We based this replica Grape cup on a find from the Wilsford G7 Bronze Age barrow from the Greater Stonehenge landscape. This site is of immense archaeological importance consists of 19 round barrows that make up a significant cemetery. This lovely little cup is just one of the many treasures that archaeologists unearthed during excavations of this ancient landscape.
The making of this cup is a true labour of love, with several rings of beads running around the body of the pot, each row consisting of around 26 balls of clay. It takes great care to apply the beads to the pot's surface and creates a vessel that is elaborate and very tactile. The finished article really is beautiful to hold.
The pot also features holes that the maker had pierced in the spaces between the clay beads. These holes would create good air circulation, making it likely that the makers used the pot to contain something that required ventilation, such as fire, perhaps.
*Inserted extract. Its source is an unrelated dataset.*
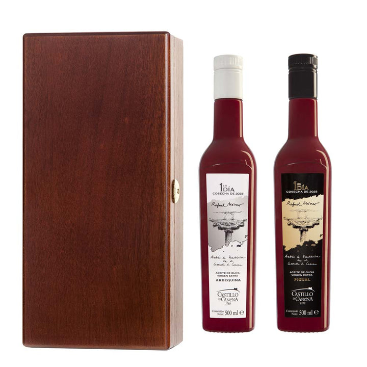 Enthält zwei Flaschen AOVGE als limitierte Auflage, geerntet am ersten Tag der Ernte: Sorten Picual und Arbequina, präsentiert in einer Eichenholzkiste. Degustationsnoten: Picual: Intensiv fruchtig mit Aromen von Gras, Tomatenpflanze, grüner...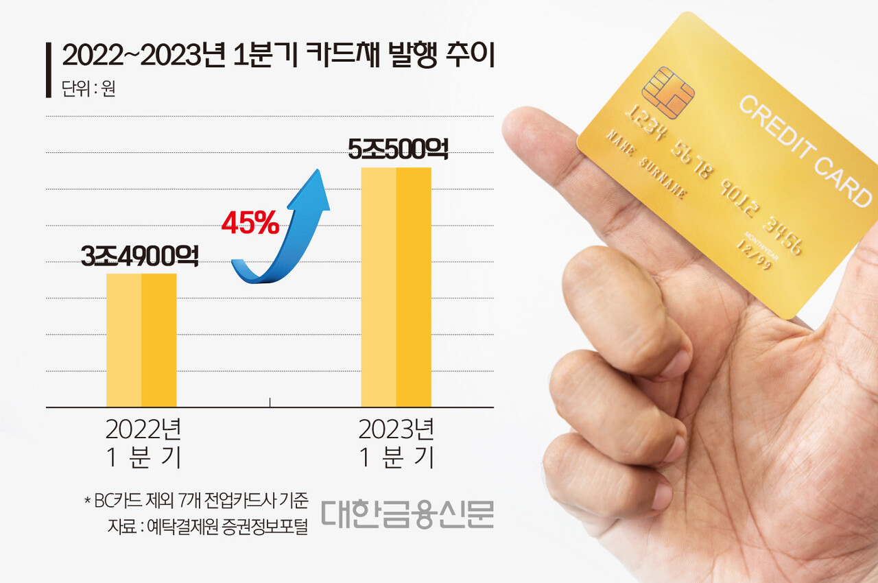 예탁결제원 증권정보포털에 따르면 올 1분기 BC카드를 제외한 7개 전업카드사가 발행한 회사채는 5조500억원으로 전년 동기(3조4900억원) 대비 45% 증가했다.

Often referred to as an incense cup, the cup's true purpose is unknown, although several theories have been put forward over the years. One of the more plausible suggestions is that the creators of this style of cup used it to carry a lump of smouldering coal from the home hearth to the ceremonial cremation site.
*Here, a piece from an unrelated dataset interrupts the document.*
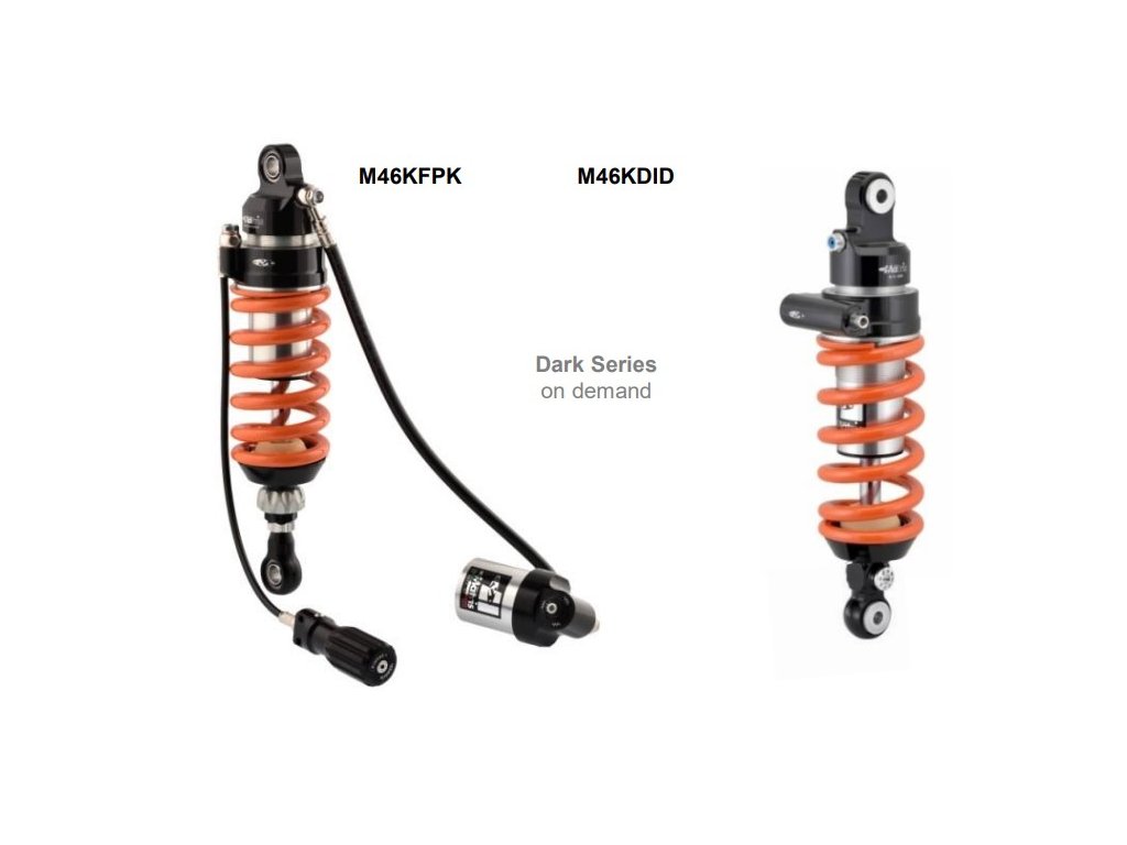 - M46KD - jednoduše nastavitelný tlumič „KD“ je určen především pro silniční motocykly, snadné nastavení pro všechny jezdce, umožňuje ovládání hydraulického tlumení, ve většině modifikací nastavení světlé výšky, standardně je zahrnuto předpětí pružiny, ale k dispozici je řada jednotek s hydraulickým předpětím pružiny, tyto tlumiče jsou vyrobeny za použití stejné kvality jako prémiové tlumiče, i když se jedná o základní produkt.

This use would explain the function of the beads that allow air to circulate between them and stop your hand directly touching the pot's surface, which does get hot from the coal inside. It would also explain why there have been several of this style of vessel found in burial goods.
It also makes a good handwarmer; we have experimented with this.
But the truth is we will never know for sure.
Smoke fired Terracotta
Diameter 80 mm x Height 65 mm
Completely hand-built, from clays similar in character to those used by the original potters, this vessel has been fired in a wood fire to emulate the original's surface colouration. It has finished with beeswax polish, a material also identified in residue analysis of the originals. When there is evidence of Neolithic potters' tool use, I have replicated such tools using stone, wood, shell, bone, and antler based on original finds or information gained from marks on original artefacts.
We have fired this pot to emulate the ancient firing conditions. The original pot was fired in an open wood fire, in close contact with the fuel, a process that leaves its mark on the clay as variations in the surface colour. However, the low temperatures achieved in open firings also result in relatively weak pots, so this pot has been fired to a somewhat higher temperature to strengthen it, in a unique firing process that allows me to achieve an authentic appearance to the pot.
Health and Safety
This pot is a Museum Quality Replica made using the tools and techniques that potters would have used during the ancient era. As this is an unglazed pot with a porous surface, it will absorb some of the flavours during the cooking process, which does add to the taste of future dishes. However, it does also mean that this pot does not meet modern Health and Safety standards, and therefore, we do not advise that it be used for cooking. When ancient cooks cooked in these pots, they relied on applying sufficient heat to the pot and contents to ensure that heat killed all bacteria. Heating to over 70°C for at least 10 minutes would have killed most disease-causing bacteria, and temperatures of 100°C would do even more.